5. Other poisson options I did not include all parameters of Poisson reconstruction into my work, because many of them are for research design purpose that might not be very useful for common data, and have not been truly tested. It would be great to test all of the options and provide interfaces for those useful ones.

6. Ohter reconstruction methods Poisson reconstruction is a typical implicit reconstruction method, some other explicit ones might be introduced in the future. Since different data might fit different methods. Within the mesh/poisson directory there is a SSDRecon, since it shares similar data structures and workflow with PoissonRecon, it might be good to also introduce it into recon program.

References papers

Elseberg, J., Borrmann, D., Nüchter, A.: One Billion Points in the Cloud – An Octree for Efficient Processing of 3D Laser Scans.
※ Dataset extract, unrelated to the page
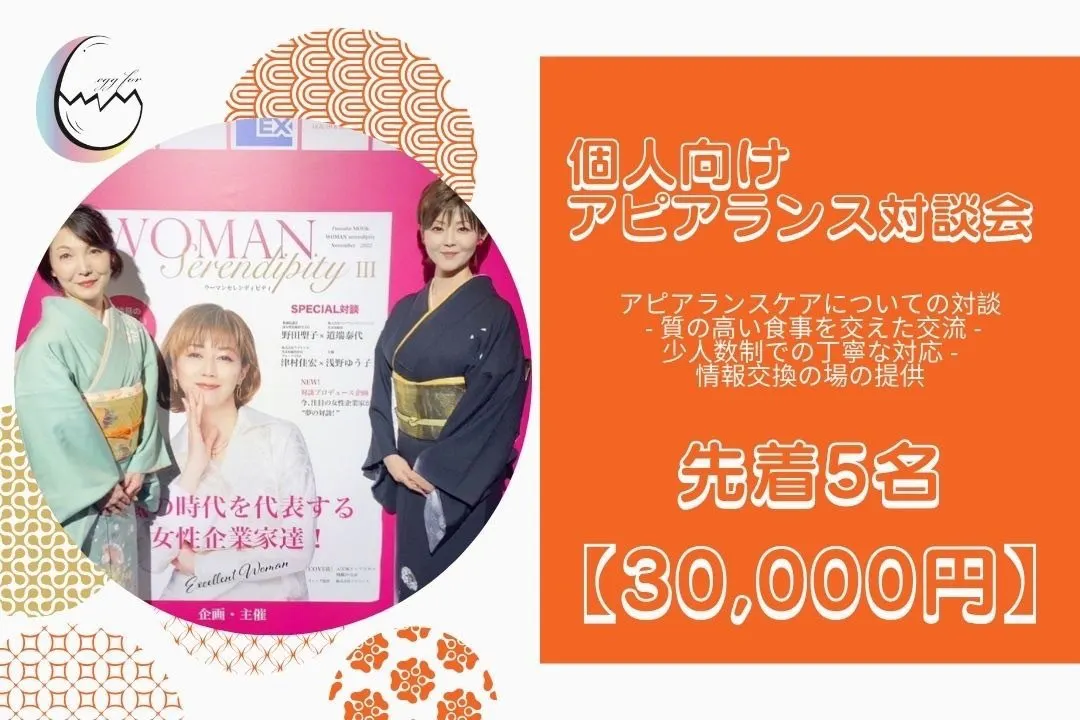 - 上質な会場での特別な対談会/アピアランサーとしての想いを共有/質の高い会席料理付き/心温まる交流の時間

Isprs Journal of Photogrammetry & Remote Sensing, 2013, 76(1):76-88.</p>

Kazhdan, M., Bolitho, M., Hoppe, H.: Poisson Surface Reconstruction.: Proceedings of the Eurographics Symposium on Geometry Processing 2006. 2006:61-70.

Kazhdan, M., Hoppe, H.: Screened Poisson Surface Reconstruction. Acm Transactions on Graphics, 2013, 32(3):1-13.

Borrmann, D., Hess, R., Eck, D., Houshiar, H., Nüchter, A., Schilling, K.: Evaluation of Methods for Robotic Mapping of Cultural Heritage Sites.Proceedings of the 2th IFAC conference on Embedded Systems, Computer Intelligence and Telematics (CESCIT ‘15). p. 105–110.